Repository files navigation

VideoLoader

The VideoLoader executor helps in loading the video components into Jina's Document type. It extracts the image frames, audio, and subtitle from the video using the ffmpeg-python.

The extracted image frames, audio, and subtitle are stored as chunks with the following attributes,

Image frame chunks have the modality of image, the audio chunks have the modality of audio, and the subtitle chunks have the modality of text. During parsing of subtitles, duplicated captions are merged to form unique captions in a heuristic way and are returned as single chunk with their respective starting and ending time in tags.

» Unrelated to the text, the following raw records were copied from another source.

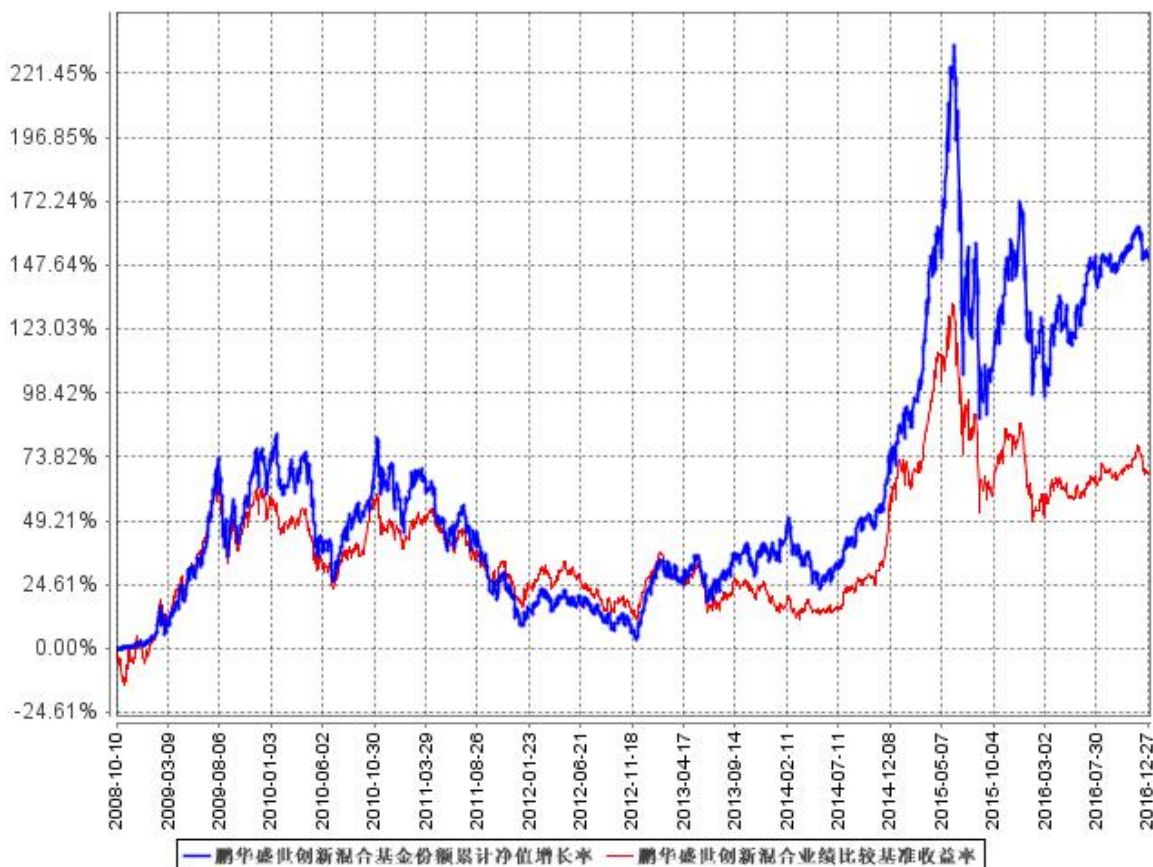
鹏华盛世创新混合基金份额累计净值增长率与同期业绩比较基准收益率的历史走势对比图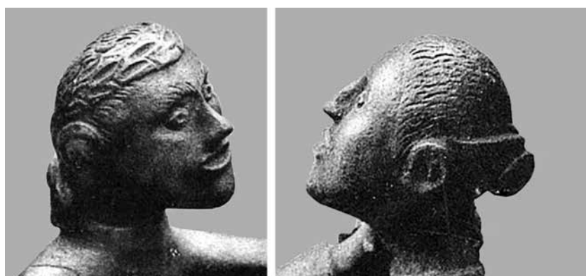
sl. 6. Muška i ženska glava sinjske grupe .

Zajednička osobina lica na svim kipićima jest da imaju naglašenu veliku mesnatu bradu, poluotvorena usta, široki nos s probušenim nozdrvama, velike oči s romboidnim reljefnim zjenicama te lučne široke obrve izvedene urezima (sl. 7). Na glavama su u svim primjerima i velike uši s rupom u sredini, kojom se pokazuje otvor toga slušnog organa. I kosa na glavi muškarca s lovorovim vijencem iz sinjske grupe vrlo je slična onoj na gardunskom kipiću. Izvedena je širokim urezima koji se pružaju od čela prema tjemenu. Vrlo zanimljiv detalj na licu gardunskoga oranta su široki i dugački zalisci (njem. backenbart , tal. baffi , franc. rouflaquette , eng. sideburns ), preciznije izvedeni na desnoj strani glave (čini se da ih je imao i muškarac sinjske grupe ), a koji se kao modni detalj na muškome licu pojavljuju tek od 18. stoljeća (sl. 8). U široku upotrebu ušli su u drugoj polovini 19. stoljeća, što bi također mogao biti vrlo važan pokazatelj vremena u kojemu je kipić napravljen. Prsti na rukama gardunske statuete izvedeni su dorađivanjem nakon lijevanja, i to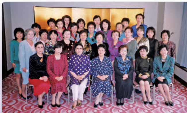
15周年記念パーティー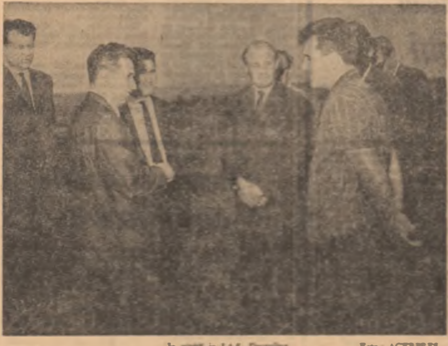
În câmp la I.A.S. Dragalina

Tovarășul Nicolae Ceaușescu atrage atenția asupra necesității de a se organiza în cele mai bune condiții munca de recoltare în întregul județ, de a se folosi din plin timpul prielnic, toate utilajele și forța de muncă de care dispune unitățile agricole, pentru a se evita orice pierderi de recoltă.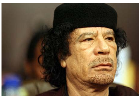
Muammar Gaddafi 137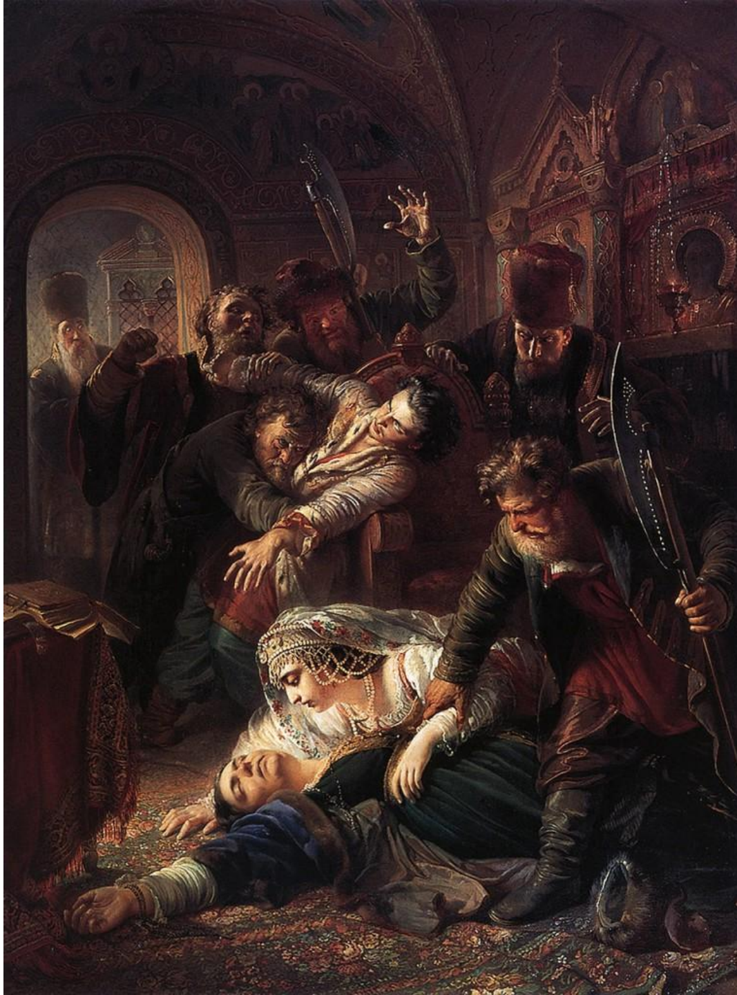
Константин Маковский. Агенты Дмитрия Самозванца убивают сына Бориса Годунова. 1862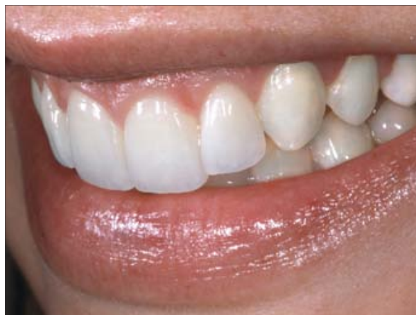
2. Muchia incizală și axul dintelui au fost uniformizate. Nu se observă că ar fi o restaurare.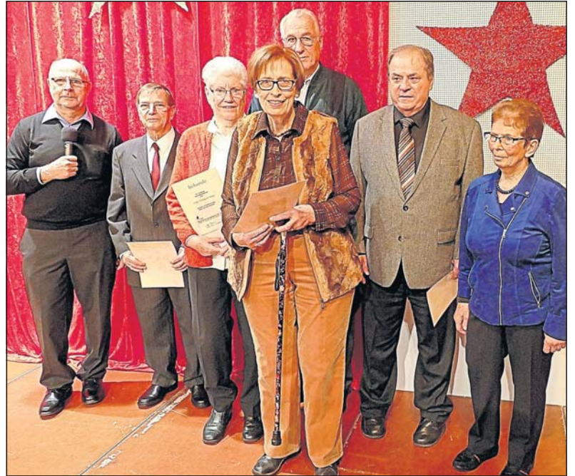
Die Geehrten für zehnjährige Mitgliedschaft in der BSG.

data stored in modality location tags
image frames blob (dtype=uint8) image the index of the frame {'timestampe': 0.5}, the timestamp of the frame in seconds. {'video_uri': 'video.mp4'}, the uri of the video
audio blob (dtype=float32) audio N/A {'sample_rate': 140000}, the sample rate of the audio. {'video_uri': 'video.mp4'}, the uri of the video.
subtitle text (dtype=str) text the index of the subtitle in the video {'beg_in_seconds': 0.5}, the beginning of a caption in seconds,
{'end_in_seconds': 0.6}, the end of a caption in seconds. {'video_uri': 'video.mp4'}, the uri of the video.